With that in mind, I feel the first half of the question is somewhat flawed. Political objectives are not usually fundamentally changed by technology, though military objectives certainly can be, and with the advent of cyber warfare it is easy to confuse or even conflate the two. So for me, the question is really “What military objectives should be the focus of operational cyber capability development?”.

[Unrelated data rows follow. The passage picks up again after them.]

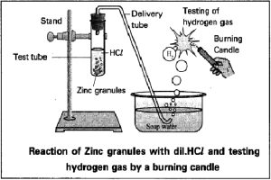 When you put a piece of magnesium strip in a test tube and add some dilute hydrochloric acid (HCl), gas bubbles are evolved. Active metals such as magnesium (Mg) and zinc (Zn) react with dilute acids (as hydrochloric acid) forming a salt of an acid and hydrogen gas which burns with a pop sound on approaching a burning match to it.
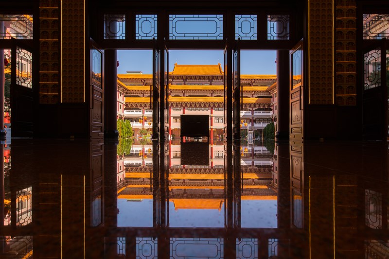 佛光山金光明寺位於新北市三峽區,環境清幽,內部空間規畫多元,是都市人沉澱心靈的好去處。圖/佛光山金光明寺提供
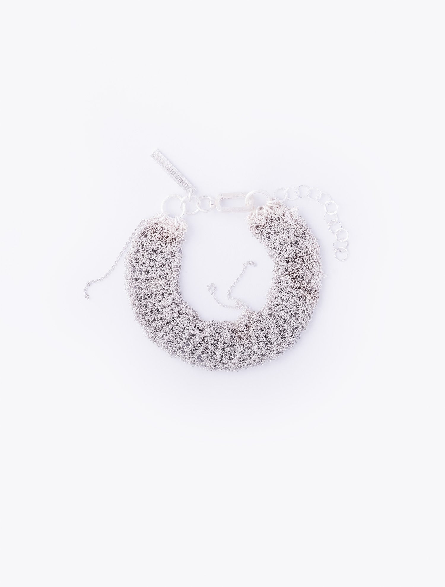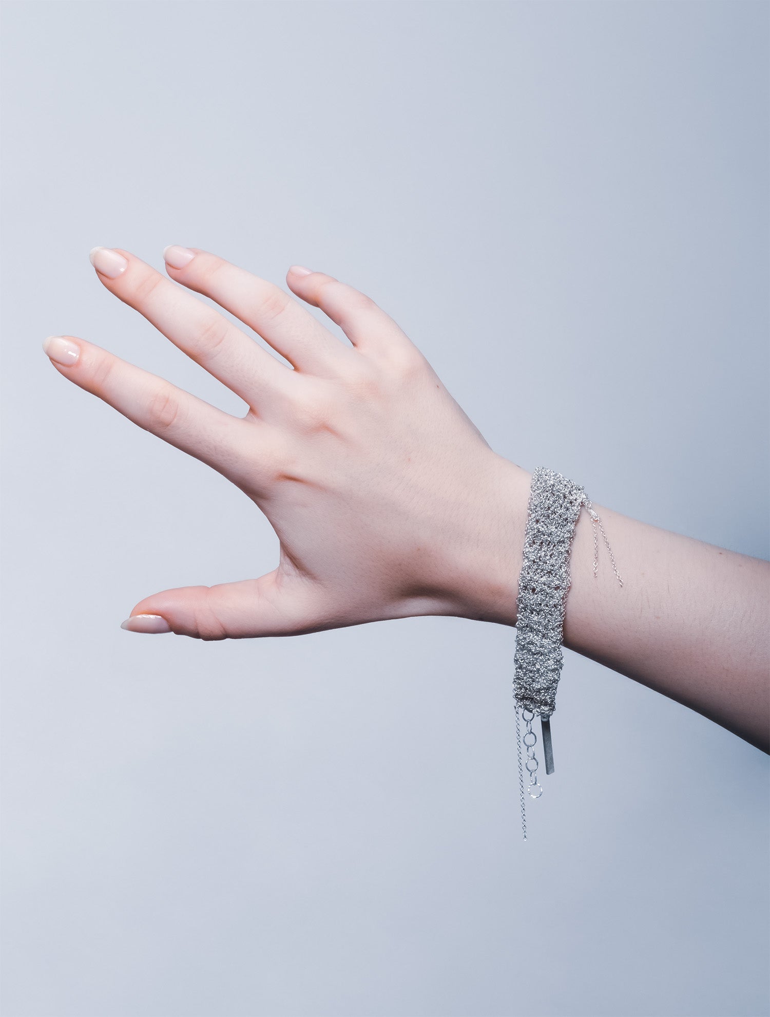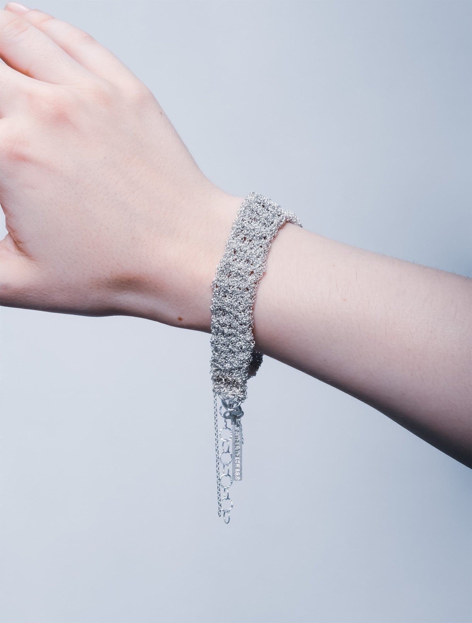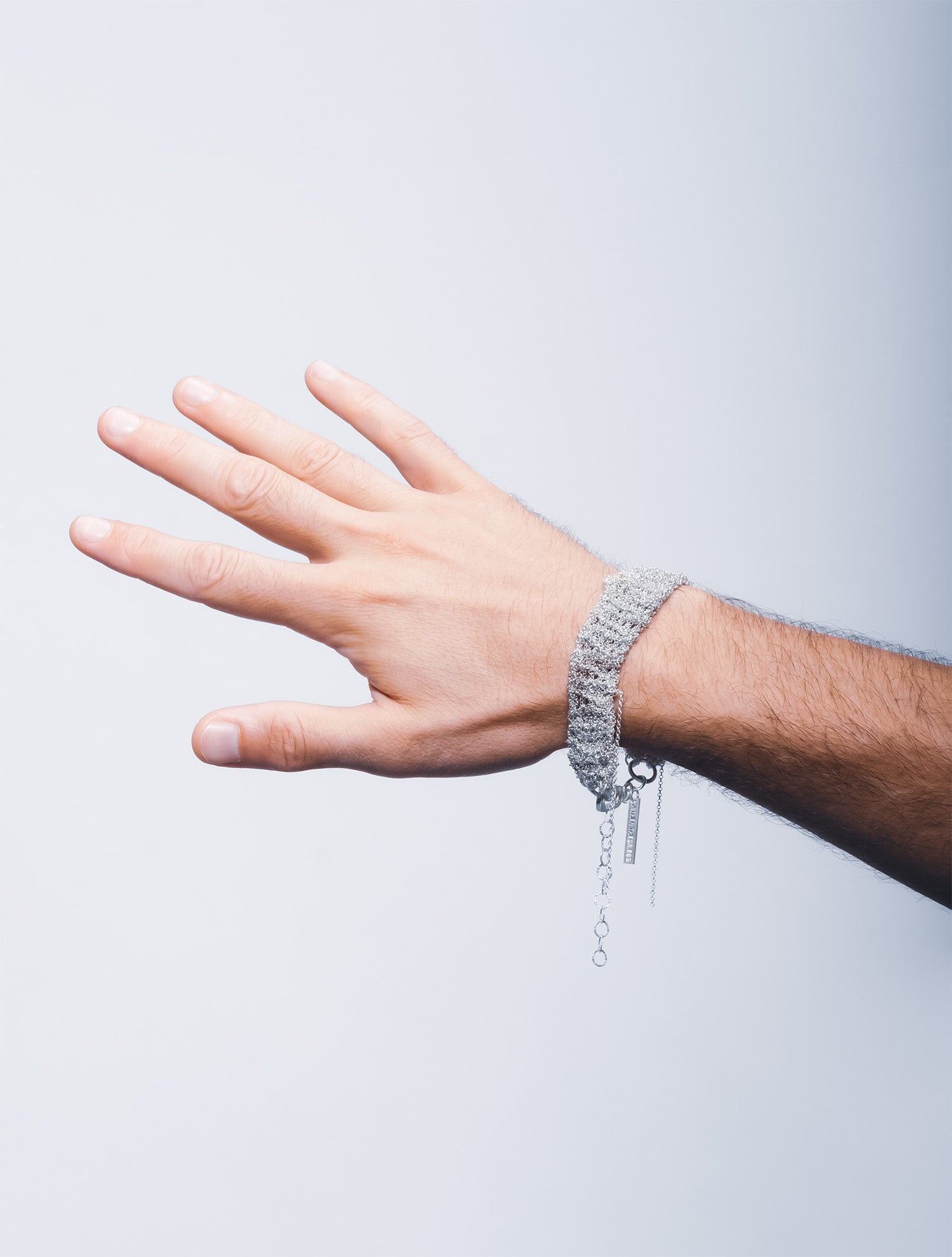 This sculptural bracelet is hand-knitted from 1mm cable chain, forming a voluminous silhouette that wraps the wrist like silver mesh muscle,- heavy, deliberate, and elemental.

The answer to this question will probably always remain difficult to answer, because the technology surrounding cyberspace is continually changing. Furthermore we find that the application of said technology is ever changing as well, making it very hard to pin down exactly if and where there are any fixed strategic points or objectives to aim exploitation development to. What is a sensible and effective angle today may be completely obsolete tomorrow. Based on what we’ve seen so far (of what we’ve been allowed to see, that is), we can assume that in the foreseeable future, cyber attacks will not have a directly kinetic component. That is to say – cyber attacks don’t (and won’t) act like bullets, bombs or missiles. As we know and understand it now, it can be used as a strictly supporting function to ongoing operations. The key word here is Information – its discovery, manipulation or denial. Cyber attacks could be succesfully applied to disable a radar array preventing a strategic bombing or insertion, or more locally to disable alarm systems on a house that needs to be breached quietly. It could (and already is) be used highly effectively to break into the networks of defence contractors and steal the highly sensitive specs of enemy technology, and in turn use that information to render them harmless to your troops. Interestingly enough, you could also use it the other way around: To make your enemies see things that aren’t there, such as by flooding their radar screen with bogus information or by infiltrating and corrupting their chain of command’s methods of communication. Whatever the application, it is important to note that virtually all these attacks are of a temporary nature. They don’t really change things permanently. As such, you should not depend on cyber attacks to give you a lasting advantage. It is highly likely that the target will, at one point, discover the attack and take steps to undo it.

The bottom line is that before being able to develop operational cyber capabilities, it is important that you understand the nature of Cyber attacks. What it is, and what it isn’t. You won’t win any wars with Cyber alone, but you may be able to increase the success rate of your missions and give your opponents a very frustrating time during ongoing operations by applying this exciting new technology.